= Will Cozens =

British radio presenter and DJ

Will Cozens is a British radio presenter and DJ formerly employed by Global Radio as a presenter on Capital & Capital London

Cozens was spotted by the Bauer Radio owned Kiss 100, after featuring on Channel 4's Soundclash, originally he presented weekends and early breakfast and later also evenings on Kiss 101 and Kiss 105-108. He has interviewed Chipmunk, Chris Brown, Estelle, Tinie Tempah and more at Kiss 100.

He joined Global Radio on 3 January 2011 as a presenter on Capital.
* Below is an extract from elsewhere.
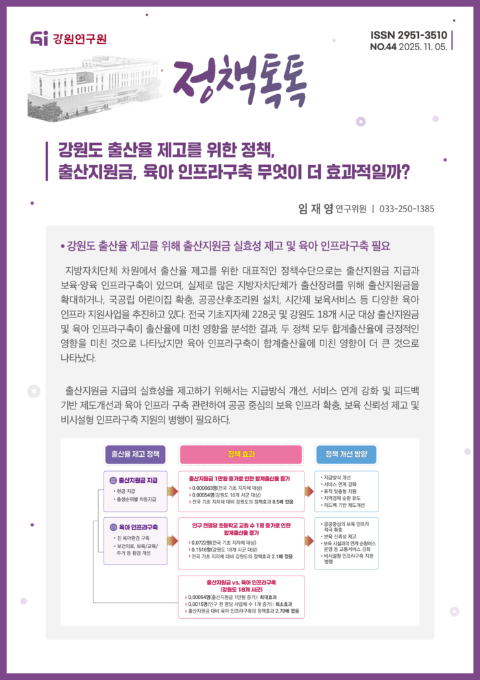 [스포츠서울ㅣ김기원기자]강원연구원(원장 배상근)은 “강원도 출산율 제고를 위한 정책, 출산지원금, 육아 인프라구축 무엇이 더 효과적일까?”라는 제목으로 2025년 제44호 정책톡톡을 발간했다.

Cozens has hosted a number of shows on Capital FM including the late show, overnights, early breakfast, Saturday nights, Saturday drivetime, weekend afternoons, weekend early breakfast and Capital London weekend breakfast. Between 21 November and 30 December 2011, he covered the Capital London drivetime show from 4 pm to 7 pm. During his time at Capital, he has also previously covered the evening show, afternoons and mid mornings. Cozens most recently presented weekends 5 am-9 am. He left the radio station in April 2022 after a new schedule was announced.

He was a pundit in the BBC Sound of 2010 and Sound of 2011 poll.

Cozens is also an electronic music DJ.

He obtained a Law Degree at University making sure he specialised in entertainment law, specifically including defamation, slander, libel and even Ofcom.